In laboratories around the world there is an intense desire to sequence more genomes.
- those of a wide variety of organisms to aid in establishing evolutionary relationships;
- those of pooled populations of microorganisms in, for examples, sea water, soil, the large intestine;
- other humans to look for genes that predispose to disease and genetic patterns in various ethnic groups.
All of the sequenced genomes listed in Genome Sizes were determined using the dideoxy method invented by Frederick Sanger and described elsehwere. However, now a great effort is being expended to find ways to sequence DNA more rapidly (and more cheaply).
The Genome Sequencer
Several new methods are being developed and one is already commercially available (the Genome Sequencer 20 System). Its method is called pyrosequencing or sequencing by synthesis. It works like this.
- The DNA to be sequenced is broken up into fragments of ~100 base pairs and denatured to form single-stranded DNA (ssDNA).
- Single ssDNA fragments are attached to microscopic beads, which are separated from each other.
- The polymerase chain reaction (PCR) is run on each bead so that each becomes coated with ~ 10 million identical copies of that fragment.
- The beads are placed singly into separate, microscopic wells (~200,000 of them).
- Each well receives a cocktail of reagents:
- DNA polymerase — for adding deoxyribonucleotides to the ssDNA
- adenosine phosphosulfate (APS)
- ATP sulfurylase — an enzyme that forms ATP from adenosine phosphosulfate (APS) and pyrophosphate (PPi)

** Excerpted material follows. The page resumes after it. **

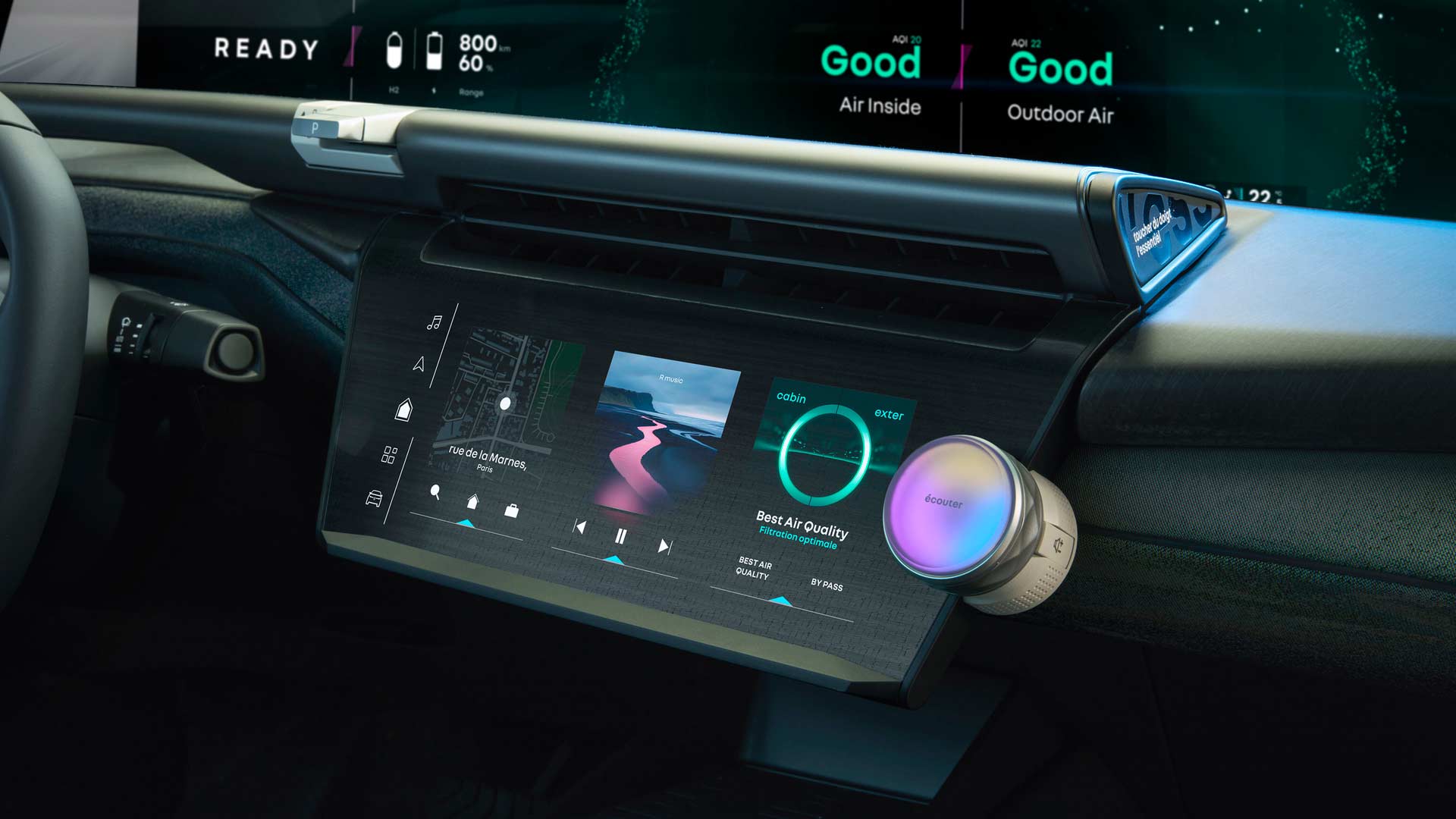 Renault Emblème is an invitation to travel with a cabin of contemporary, poetic design. The interior features innovative technologies including a new wide openR panorama screen spanning the length of the dashboard. The rear-mounted dual-energy electric powertrain is powered by electricity and hydrogen, an optimal combination for low-carbon driving over both short and long distances.

- luciferase - an ATPase that catalyzes the conversion of luciferin to oxyluciferin with the liberation of light
After a primer is annealed to the end of the ssDNA, synthesis is ready to begin. As is always true of DNA synthesis, incoming nucleotides are added to the 3' end of the growing chain (left). The nucleotides are supplied as four deoxynucleoside triphosphates. As each nucleotide is added, a molecule containing two phosphate groups — called pyrophosphate (PPi) is split off.
Figure 5.12.1 Pyrosequencing run and the data produced by a single well
The sequencing run:
- Each of the thousands of wells is flooded with one four deoxyribonucleotides, dTTP, dCTP, and dGTP, but instead of dATP (which would trigger the luciferin reaction), deoxyadenosine alpha-thiotriphosphate (dATPαS) is used instead. DNA polymerase ignores the difference and uses it whenever a T is encountered on the ssDNA template, but luciferase doesn't recognize to it.
- In any well where the complementary nucleotide is present at the 3' end of the template, the nucleotide is added and pyrophosphate is liberated.
- The amount of light is proportional to the number of that nucleotide added. So if, for example, the incoming nucleotide is dGTP, and there is a string of 3 Cs on the template, the light emitted will be 3 times brighter than if only one C is present.
- A detector picks up the light (if any) from each well and the data are recorded.
- Then each of the remaining 3 nucleotides are added in sequence.
- Then the sequence of 4 additions is repeated until synthesis is complete.
The above diagram also shows the type of data produced in a single well. The height of the peak of light production gives the number of additions that occurred when a particular nucleotide was added (bottom). Computer software then displays the template sequence (top) for each of the thousands of different fragments sequenced. With this technology, as many as 20 million base pairs of genome sequence can be learned in an instrument run of less than 6 hours.